Retype the data that follows line by line, exactly, and leave its pictures out.

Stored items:
┄┄┄┄┄┄

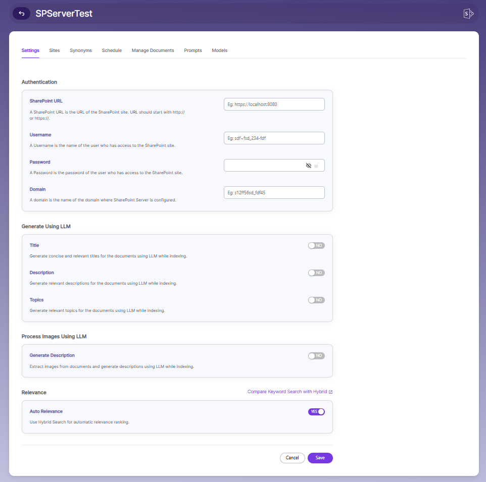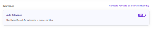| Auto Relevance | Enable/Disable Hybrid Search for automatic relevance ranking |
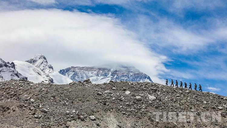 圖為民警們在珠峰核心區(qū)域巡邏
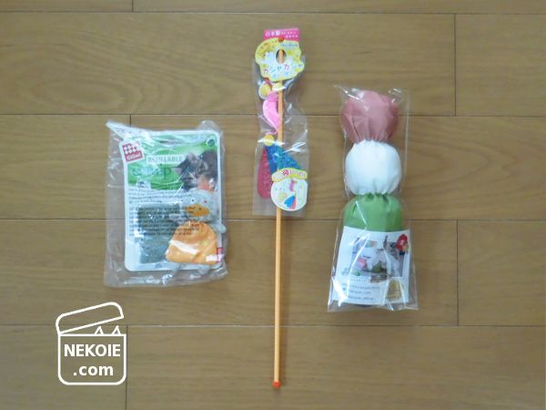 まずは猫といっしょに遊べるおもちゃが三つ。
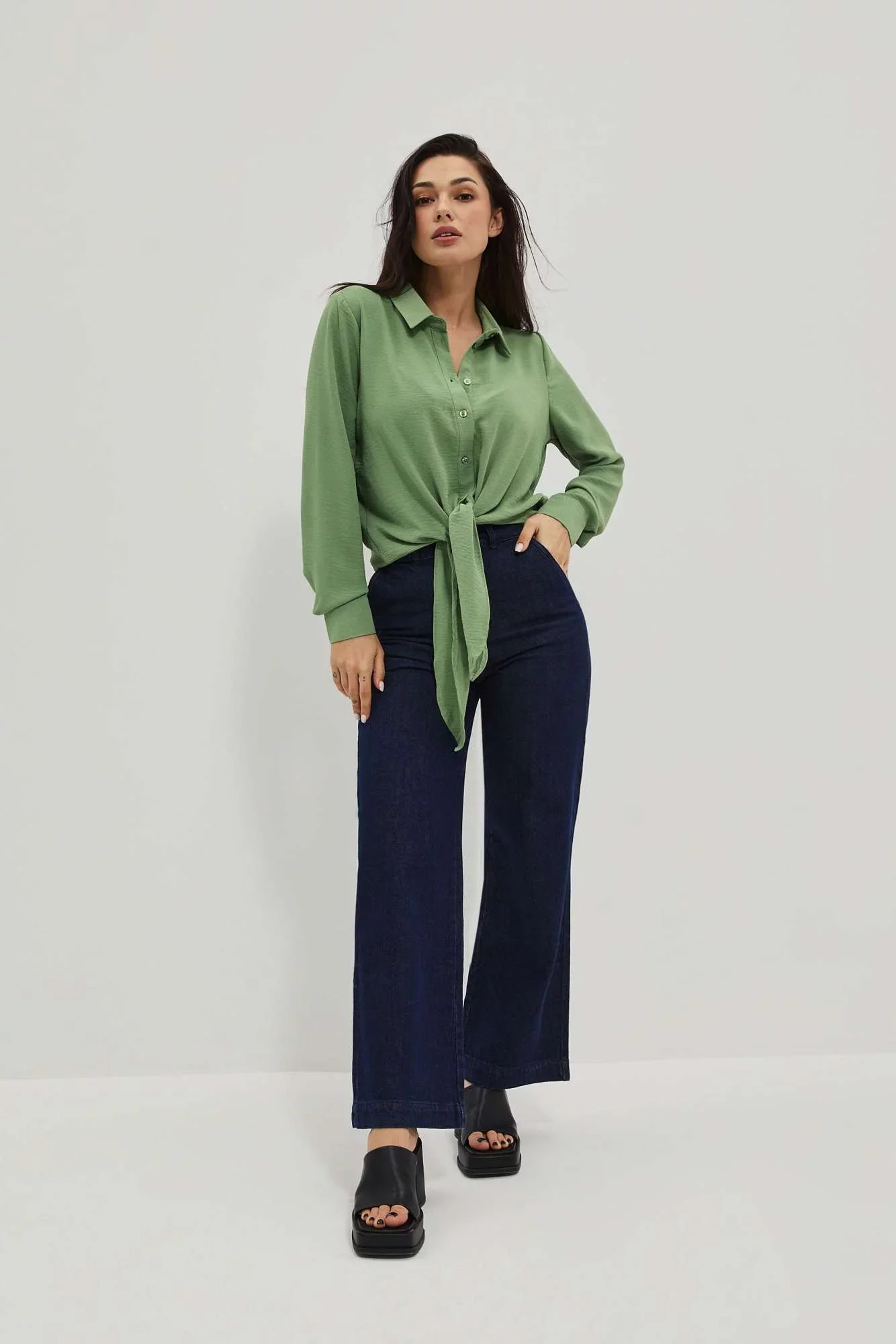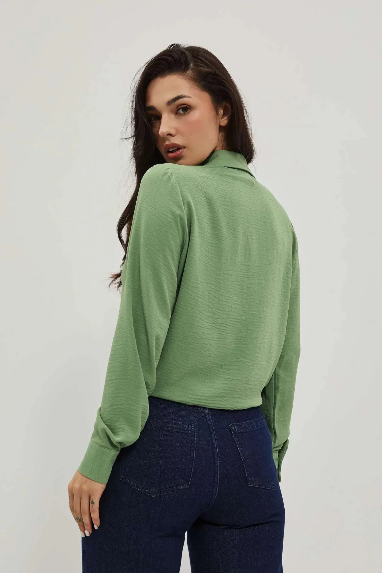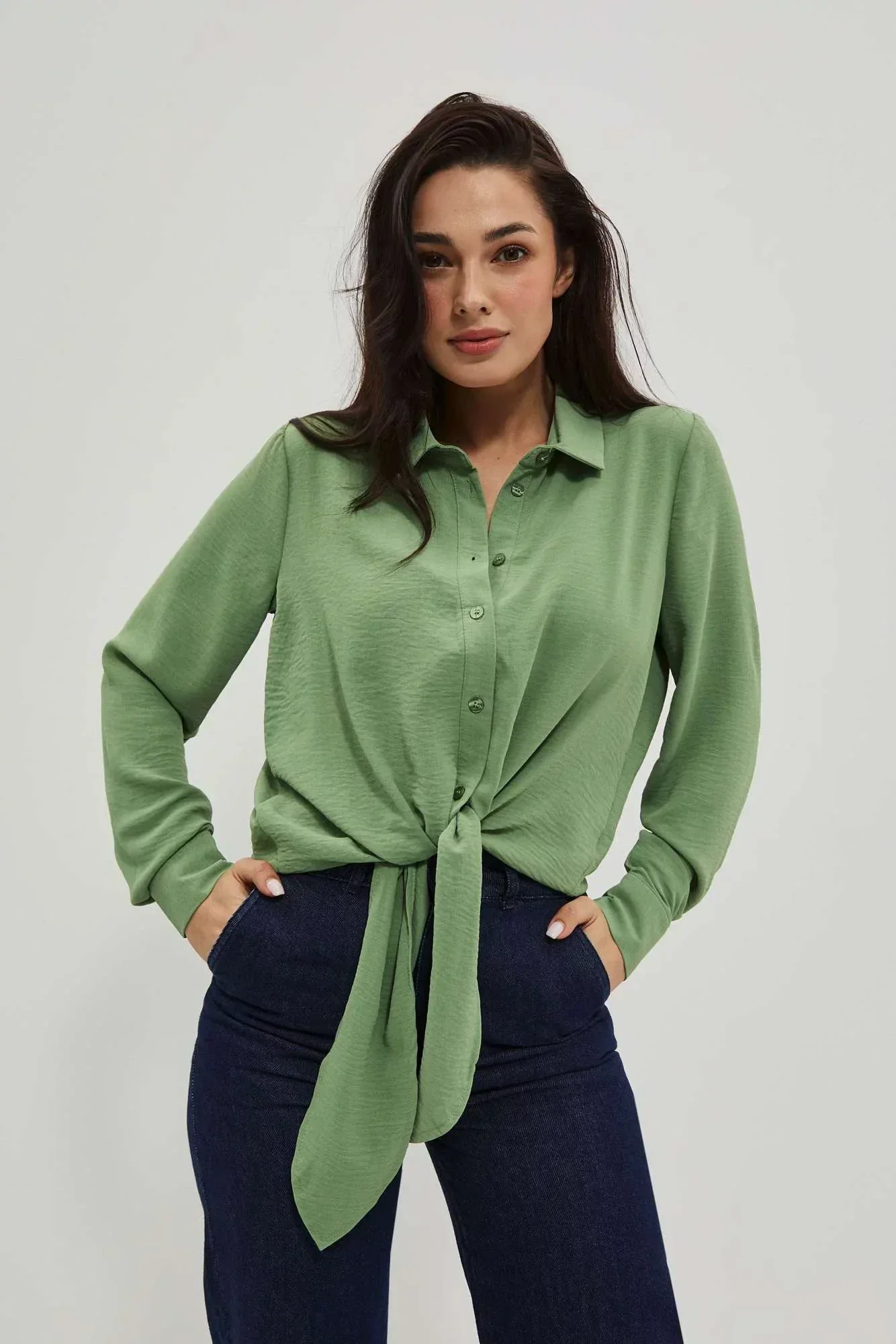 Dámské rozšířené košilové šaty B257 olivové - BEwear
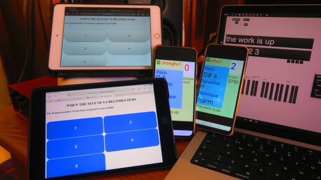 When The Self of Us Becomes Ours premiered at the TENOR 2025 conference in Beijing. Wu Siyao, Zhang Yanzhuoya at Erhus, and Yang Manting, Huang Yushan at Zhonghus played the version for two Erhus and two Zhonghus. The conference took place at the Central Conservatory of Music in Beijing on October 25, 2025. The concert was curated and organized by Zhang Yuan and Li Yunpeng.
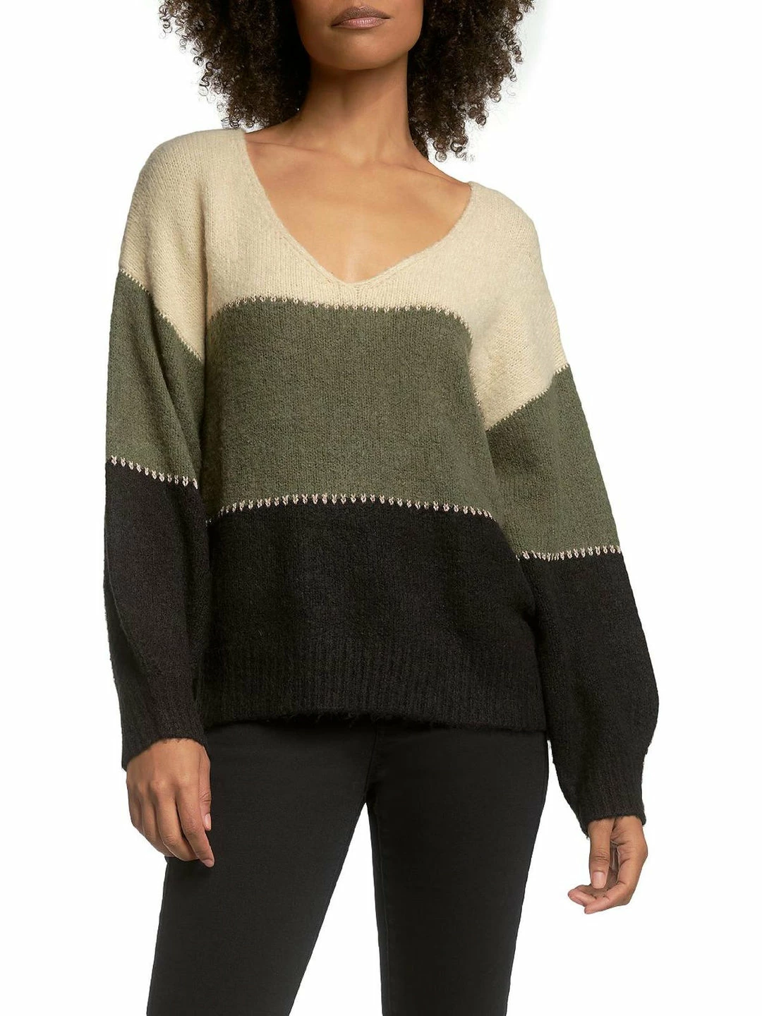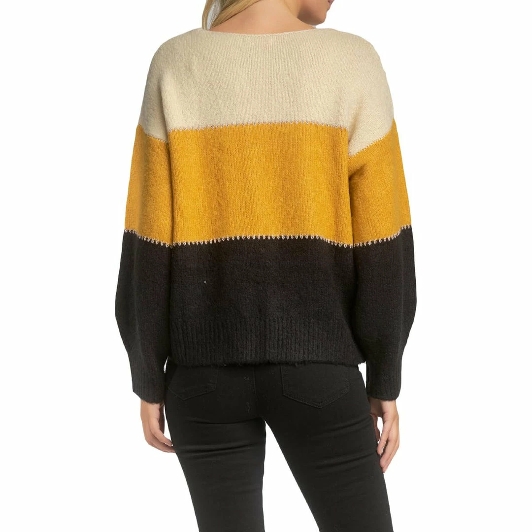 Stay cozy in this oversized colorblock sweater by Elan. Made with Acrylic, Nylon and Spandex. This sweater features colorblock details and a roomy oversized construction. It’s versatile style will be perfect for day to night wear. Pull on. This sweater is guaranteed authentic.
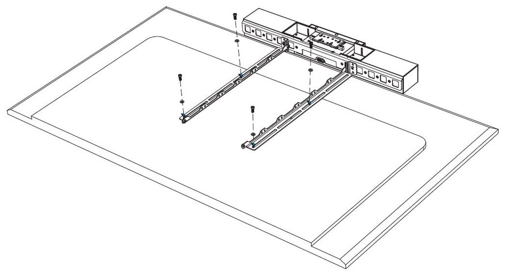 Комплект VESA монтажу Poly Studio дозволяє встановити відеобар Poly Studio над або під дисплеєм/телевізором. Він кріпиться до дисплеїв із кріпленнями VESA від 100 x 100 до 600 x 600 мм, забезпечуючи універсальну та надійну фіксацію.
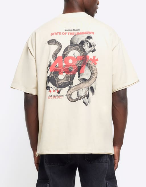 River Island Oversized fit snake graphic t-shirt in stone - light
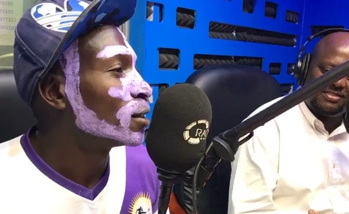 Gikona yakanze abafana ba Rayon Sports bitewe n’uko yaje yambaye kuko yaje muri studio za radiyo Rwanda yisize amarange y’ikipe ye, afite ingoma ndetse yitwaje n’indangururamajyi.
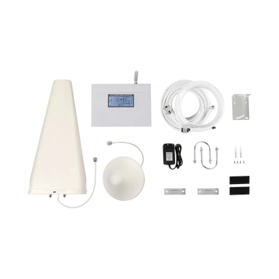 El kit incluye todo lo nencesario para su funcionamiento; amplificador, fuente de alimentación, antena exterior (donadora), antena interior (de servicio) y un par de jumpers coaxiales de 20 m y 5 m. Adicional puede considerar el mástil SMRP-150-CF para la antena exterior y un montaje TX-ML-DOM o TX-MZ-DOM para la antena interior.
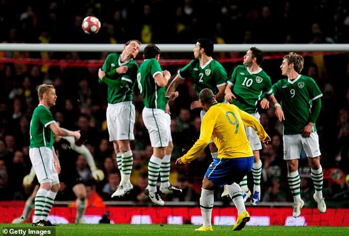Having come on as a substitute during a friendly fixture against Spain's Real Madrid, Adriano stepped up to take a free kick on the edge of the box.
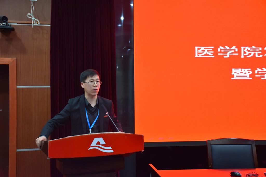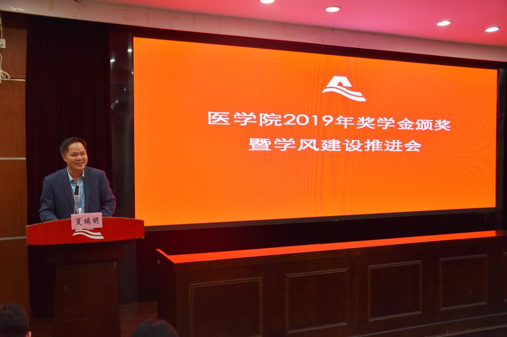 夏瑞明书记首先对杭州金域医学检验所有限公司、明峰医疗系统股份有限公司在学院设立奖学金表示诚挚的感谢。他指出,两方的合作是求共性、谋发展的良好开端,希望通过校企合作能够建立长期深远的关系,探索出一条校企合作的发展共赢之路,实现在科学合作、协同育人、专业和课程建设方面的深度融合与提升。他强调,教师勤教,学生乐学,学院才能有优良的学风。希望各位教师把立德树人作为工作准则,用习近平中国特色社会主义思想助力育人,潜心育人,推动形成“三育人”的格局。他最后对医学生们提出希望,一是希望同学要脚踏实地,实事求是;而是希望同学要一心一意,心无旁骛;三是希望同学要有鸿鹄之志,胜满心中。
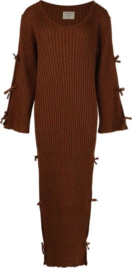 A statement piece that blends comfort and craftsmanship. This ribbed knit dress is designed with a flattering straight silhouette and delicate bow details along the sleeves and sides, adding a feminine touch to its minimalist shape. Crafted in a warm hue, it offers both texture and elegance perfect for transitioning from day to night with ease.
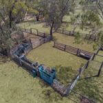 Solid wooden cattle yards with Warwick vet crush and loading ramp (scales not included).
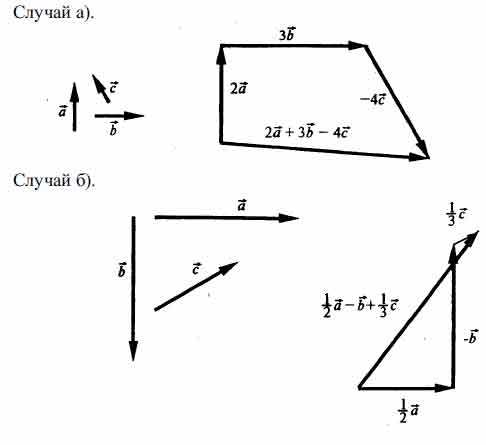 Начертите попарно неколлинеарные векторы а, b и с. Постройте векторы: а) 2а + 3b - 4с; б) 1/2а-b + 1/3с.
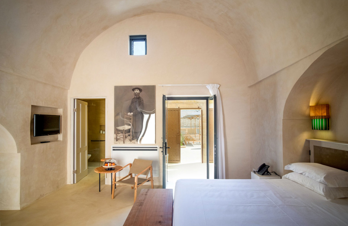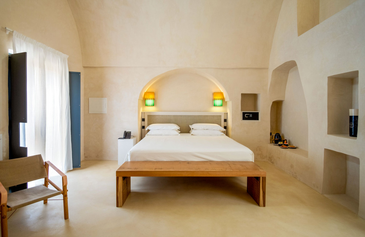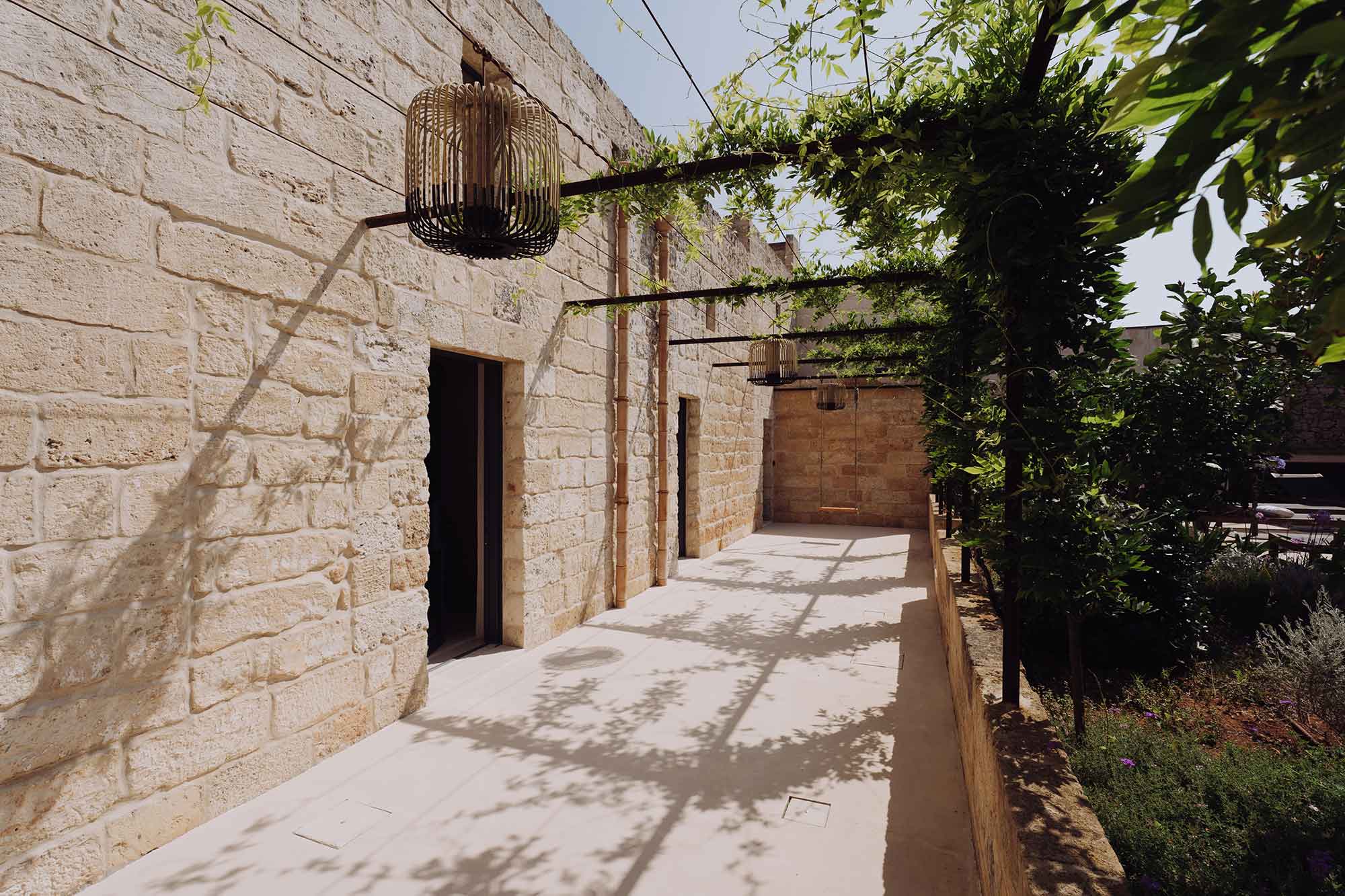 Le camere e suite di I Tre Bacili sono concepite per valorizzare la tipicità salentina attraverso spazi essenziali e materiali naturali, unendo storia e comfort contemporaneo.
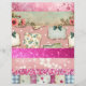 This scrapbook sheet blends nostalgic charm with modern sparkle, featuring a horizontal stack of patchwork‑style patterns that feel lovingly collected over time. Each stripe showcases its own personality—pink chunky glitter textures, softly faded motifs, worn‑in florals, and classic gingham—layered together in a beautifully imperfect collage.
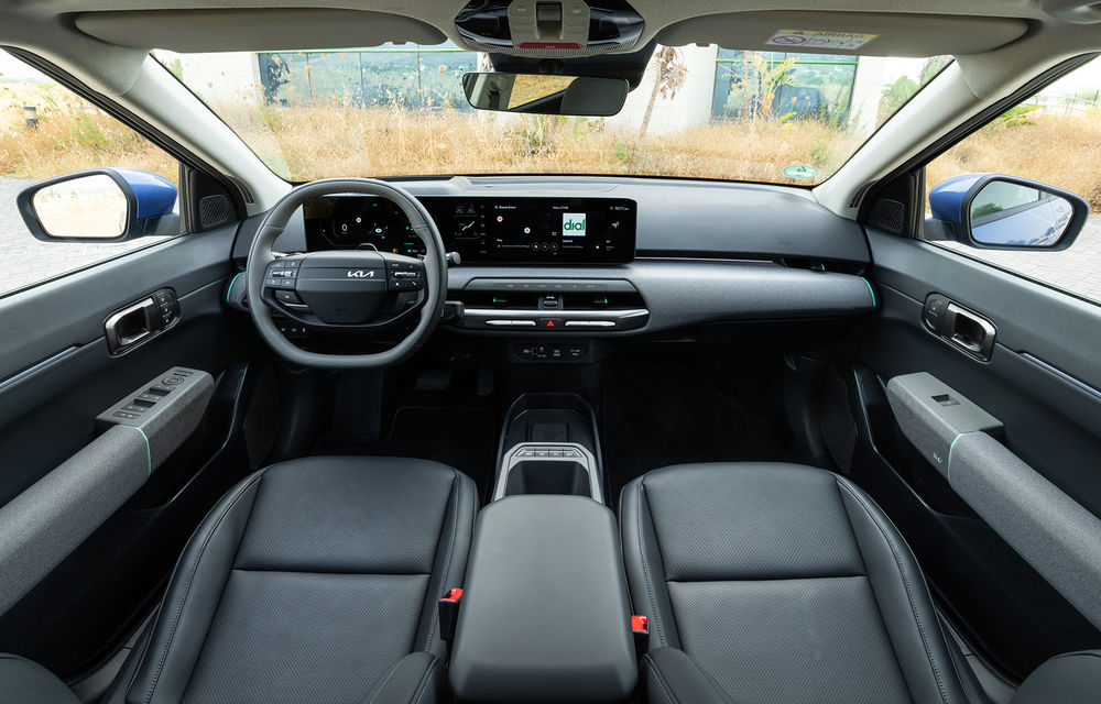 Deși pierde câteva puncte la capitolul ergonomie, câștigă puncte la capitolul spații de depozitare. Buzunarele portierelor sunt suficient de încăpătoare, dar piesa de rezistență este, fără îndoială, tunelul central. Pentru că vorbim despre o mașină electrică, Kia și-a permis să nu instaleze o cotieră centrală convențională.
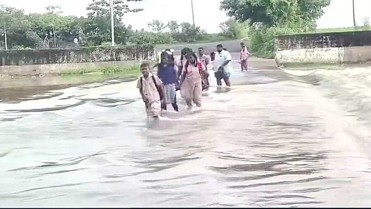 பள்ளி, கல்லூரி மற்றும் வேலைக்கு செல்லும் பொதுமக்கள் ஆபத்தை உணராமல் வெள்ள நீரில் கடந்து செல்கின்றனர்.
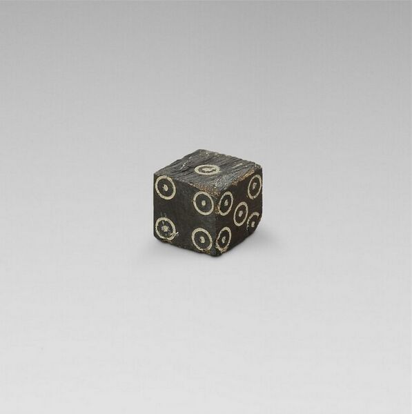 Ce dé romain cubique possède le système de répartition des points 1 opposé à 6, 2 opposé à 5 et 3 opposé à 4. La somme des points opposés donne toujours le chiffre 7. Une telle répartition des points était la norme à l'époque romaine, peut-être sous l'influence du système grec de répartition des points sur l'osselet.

┄┄┄┄┄┄

*ANSWER SECTION*
| Auto Relevance | Enable/Disable Hybrid Search for automatic relevance ranking |
 圖為民警們在珠峰核心區(qū)域巡邏
 まずは猫といっしょに遊べるおもちゃが三つ。
 Dámské rozšířené košilové šaty B257 olivové - BEwear
 When The Self of Us Becomes Ours premiered at the TENOR 2025 conference in Beijing. Wu Siyao, Zhang Yanzhuoya at Erhus, and Yang Manting, Huang Yushan at Zhonghus played the version for two Erhus and two Zhonghus. The conference took place at the Central Conservatory of Music in Beijing on October 25, 2025. The concert was curated and organized by Zhang Yuan and Li Yunpeng.
 Stay cozy in this oversized colorblock sweater by Elan. Made with Acrylic, Nylon and Spandex. This sweater features colorblock details and a roomy oversized construction. It’s versatile style will be perfect for day to night wear. Pull on. This sweater is guaranteed authentic.
 Комплект VESA монтажу Poly Studio дозволяє встановити відеобар Poly Studio над або під дисплеєм/телевізором. Він кріпиться до дисплеїв із кріпленнями VESA від 100 x 100 до 600 x 600 мм, забезпечуючи універсальну та надійну фіксацію.
 River Island Oversized fit snake graphic t-shirt in stone - light
 Gikona yakanze abafana ba Rayon Sports bitewe n’uko yaje yambaye kuko yaje muri studio za radiyo Rwanda yisize amarange y’ikipe ye, afite ingoma ndetse yitwaje n’indangururamajyi.
 El kit incluye todo lo nencesario para su funcionamiento; amplificador, fuente de alimentación, antena exterior (donadora), antena interior (de servicio) y un par de jumpers coaxiales de 20 m y 5 m. Adicional puede considerar el mástil SMRP-150-CF para la antena exterior y un montaje TX-ML-DOM o TX-MZ-DOM para la antena interior.
Having come on as a substitute during a friendly fixture against Spain's Real Madrid, Adriano stepped up to take a free kick on the edge of the box.
 夏瑞明书记首先对杭州金域医学检验所有限公司、明峰医疗系统股份有限公司在学院设立奖学金表示诚挚的感谢。他指出,两方的合作是求共性、谋发展的良好开端,希望通过校企合作能够建立长期深远的关系,探索出一条校企合作的发展共赢之路,实现在科学合作、协同育人、专业和课程建设方面的深度融合与提升。他强调,教师勤教,学生乐学,学院才能有优良的学风。希望各位教师把立德树人作为工作准则,用习近平中国特色社会主义思想助力育人,潜心育人,推动形成“三育人”的格局。他最后对医学生们提出希望,一是希望同学要脚踏实地,实事求是;而是希望同学要一心一意,心无旁骛;三是希望同学要有鸿鹄之志,胜满心中。
 A statement piece that blends comfort and craftsmanship. This ribbed knit dress is designed with a flattering straight silhouette and delicate bow details along the sleeves and sides, adding a feminine touch to its minimalist shape. Crafted in a warm hue, it offers both texture and elegance perfect for transitioning from day to night with ease.
 Solid wooden cattle yards with Warwick vet crush and loading ramp (scales not included).
 Начертите попарно неколлинеарные векторы а, b и с. Постройте векторы: а) 2а + 3b - 4с; б) 1/2а-b + 1/3с.
 Le camere e suite di I Tre Bacili sono concepite per valorizzare la tipicità salentina attraverso spazi essenziali e materiali naturali, unendo storia e comfort contemporaneo.
 This scrapbook sheet blends nostalgic charm with modern sparkle, featuring a horizontal stack of patchwork‑style patterns that feel lovingly collected over time. Each stripe showcases its own personality—pink chunky glitter textures, softly faded motifs, worn‑in florals, and classic gingham—layered together in a beautifully imperfect collage.
 Deși pierde câteva puncte la capitolul ergonomie, câștigă puncte la capitolul spații de depozitare. Buzunarele portierelor sunt suficient de încăpătoare, dar piesa de rezistență este, fără îndoială, tunelul central. Pentru că vorbim despre o mașină electrică, Kia și-a permis să nu instaleze o cotieră centrală convențională.
 பள்ளி, கல்லூரி மற்றும் வேலைக்கு செல்லும் பொதுமக்கள் ஆபத்தை உணராமல் வெள்ள நீரில் கடந்து செல்கின்றனர்.
 Ce dé romain cubique possède le système de répartition des points 1 opposé à 6, 2 opposé à 5 et 3 opposé à 4. La somme des points opposés donne toujours le chiffre 7. Une telle répartition des points était la norme à l'époque romaine, peut-être sous l'influence du système grec de répartition des points sur l'osselet.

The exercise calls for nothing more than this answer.